Picky eating is a normal part of childhood development but it can get out of hand for some families leading to arguments at the dinner table and kids putting their foot down in protest. Whether your child is 5 or 15, it’s never too late to try something new and address picky eating behaviours! Here are 5 tips to get you started:
1) Don’t pressure. Remember it’s your child’s job to decide whether they eat what you offer and how much of it they will eat. Too much pressure either positive or negative can lead to more resistance. Children will learn to eat what you eat, you just have to be patient.
2) Don’t cater. Your job as a parent is to decide what foods are offered, when they are offered, and where they are offered.
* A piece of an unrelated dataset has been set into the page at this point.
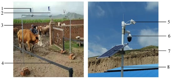 The data used in this study were obtained from the Heilinger Jiayu Breeding Cooperative in the Inner Mongolia Autonomous Region, as shown in Figure 1, with Simmental beef cattle and Holstein cows selected as data collection objects for video data collection. In order to enhance the credibility of the data and improve the quality of the data, a variety of methods were used to collect the data during data collection. On the one hand, raw video data from the cattle were captured manually by means of a capture device (a mobile phone or SLR camera) at a frame rate of 30 fps while the cattle were being fed. On the other hand, cameras were set up in the pasture to capture real-time facial data of cattle in production and living conditions. A total of 19 Simmental cows and 22 Holstein cows were collected, and the facial data were collected from multiple angles as experimental data. The cattle facial data collection device is shown in Figure 2, where the numbers one to seven represent: (1) a mobile phone, (2) a mobile phone stand, (3) a combined steel frame, (4) an isolation tape, (5) a webcam, (6) a spherical camera, (7) a solar panel., and (8) a support post.

Offer up only one meal that is balanced and appropriate for your family and make sure there is at least one food item that your child likes. Let them serve themselves and don't comment on how much or how little of a particular food they are eating.
3) Change your food environment. Clean out your fridge and pantry and place foods you would like your family to eat more often up front and at eye level. Have cut up vegetables, yogurts, hard boiled eggs etc. readily available. Reduce the number of salty/sweet treats to the ones your family really enjoys and then keep them in the cupboard and leave a bowl of fresh fruit out instead in a high traffic area. The treats still have their place as they provide us with pleasure and should be included to teach your family about balance but they don’t need to be front and center.
4) Get children cooking. As messy as it may be, try and involve your child in the kitchen from a young age. When your child helps make a meal or snack, they will be more willing to try it! Remember it takes numerous exposures (20 or more sometimes!) before a child will accept or like a new food. Having them involved will be more effective then asking them to simply try something you have made. Remember you can start small and just cook something that everyone likes and then work your way up to trying to cook new foods together.
5) Learn about food. Bring your children to the grocery store or to the farmers’ market. Ask them to pick out a new fruit or vegetable they would like to try. You can also try growing food as children are more likely to eat something they have grown as well. This is also a great way to foster an appreciation of agriculture and the environment and learn about budgeting..
Most importantly be positive about all foods and don't give up!